The easiest way to pour batter into the pans is with a liquid measuring cup.
MAKES ONE 9½-INCH TART
I’ve made lots of plum tarts over the years because I love Italian prune plums, which are in season in late summer and early autumn. But my favorite plum tart comes from my dear friend Anna Pump, who has written many of the Loaves and Fishes cookbooks and has taught me more about food than anyone I know. This recipe is adapted from her Loaves and Fishes Party Cookbook.

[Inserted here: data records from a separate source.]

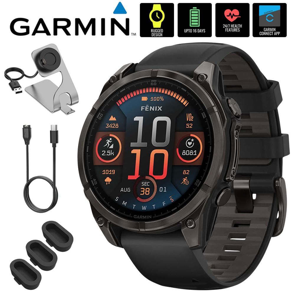 Garmin Fenix 8 47mm Smartwatch, Sapphire, Carbon Gray Titanium + Accessories Bundle
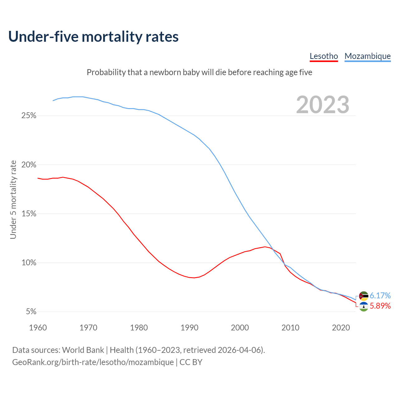 The chance that a newborn baby will die before reaching age five is 5.89% in Lesotho and 6.17% in Mozambique. Above is a chart with historical data on under-five mortality rates.
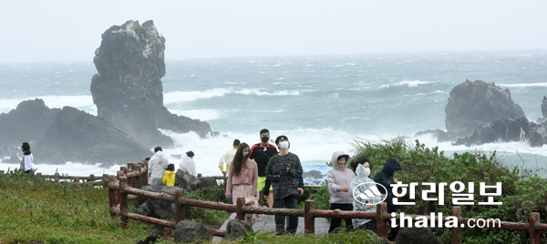 | 15일 서귀포시 섭지코지를 찾은 관광객들이 제14호 태풍 '찬투' 북상으로 강한 바람이 불자 서둘러서 발걸음을 옮기고 있다. 이상국 기자 |
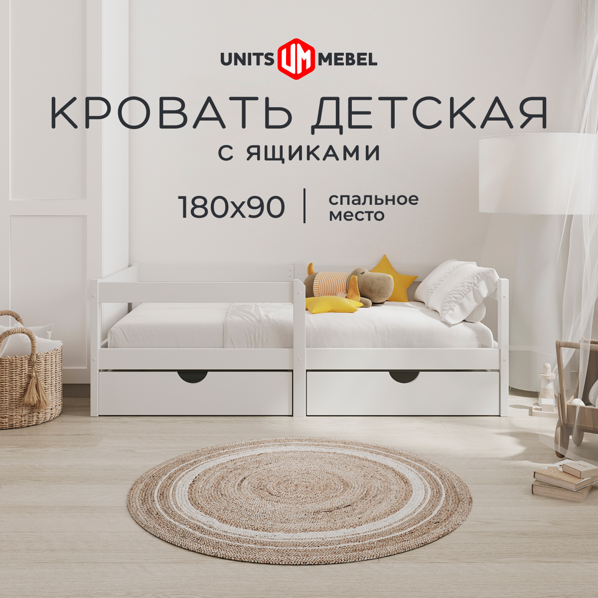 Детская кровать "Соня" 180х90 с ящиками для белья, белая информация:

Since I love the combination of prunes and Armagnac, I’ve made Vanilla Armagnac Ice Cream (recipe follows) to accompany this delicious tart.
2 cups |
all-purpose flour |
¾ cup |
finely chopped walnuts |
¾ cup |
light brown sugar, lightly packed |
12 tablespoons |
cold unsalted butter (1½ sticks), diced |
1 |
egg yolk |
2 pounds |
firm, ripe Italian prune plums, pitted and quartered lengthwise |
Preheat the oven to 400 degrees.
Combine the flour, walnuts, and sugar in a large bowl. Add the butter and the egg yolk. Mix, either by hand or with an electric mixer, until crumbly.
Press 1½ cups of the crumb mixture in an even layer into the bottom of a 9½-inch springform or tart pan. Arrange the plums in the pan, skin-side down, to form a flower pattern; begin at the outside and work your way in.
Sprinkle the rest of the crumb mixture evenly over the plums. Bake the tart for 40 to 50 minutes, or until it’s lightly browned and the plum juices are bubbling. Remove from the oven and cool for 10 minutes. Remove from the pan and transfer the tart to a flat plate. Serve warm or at room temperature.
Use a metal measuring cup to make a straight edge.
MAKES 1 QUART
Sometimes the easiest recipes are the best. This is based on the ice cream that was made for hundreds of years in Philadelphia. It’s very rich but light. Rather than making a custard, all you do is flavor heavy cream, then freeze it in an ice cream freezer.
3 cups |
heavy cream |
⅔ cup |
sugar |
1 teaspoon |
pure vanilla extract |
|
Seeds scraped from 1 vanilla bean |
¼ cup |
good Armagnac |
Warm the cream, sugar, vanilla, and vanilla seeds in a small saucepan over medium heat until the sugar is dissolved. Be sure that all the sugar is dissolved; you will no longer feel any grittiness from the sugar when you rub some cream between your fingers. Strain into a bowl, cover, and chill well.
Add the Armagnac and freeze the mixture in an ice cream freezer according to the manufacturer’s directions. Spoon into a freezer container and allow to chill in the freezer for a few hours before serving.
This is a soft ice cream, so there’s no need to soften it before serving.
Armagnac is brandy from the Gascony region of France. You can use Cognac or good brandy instead.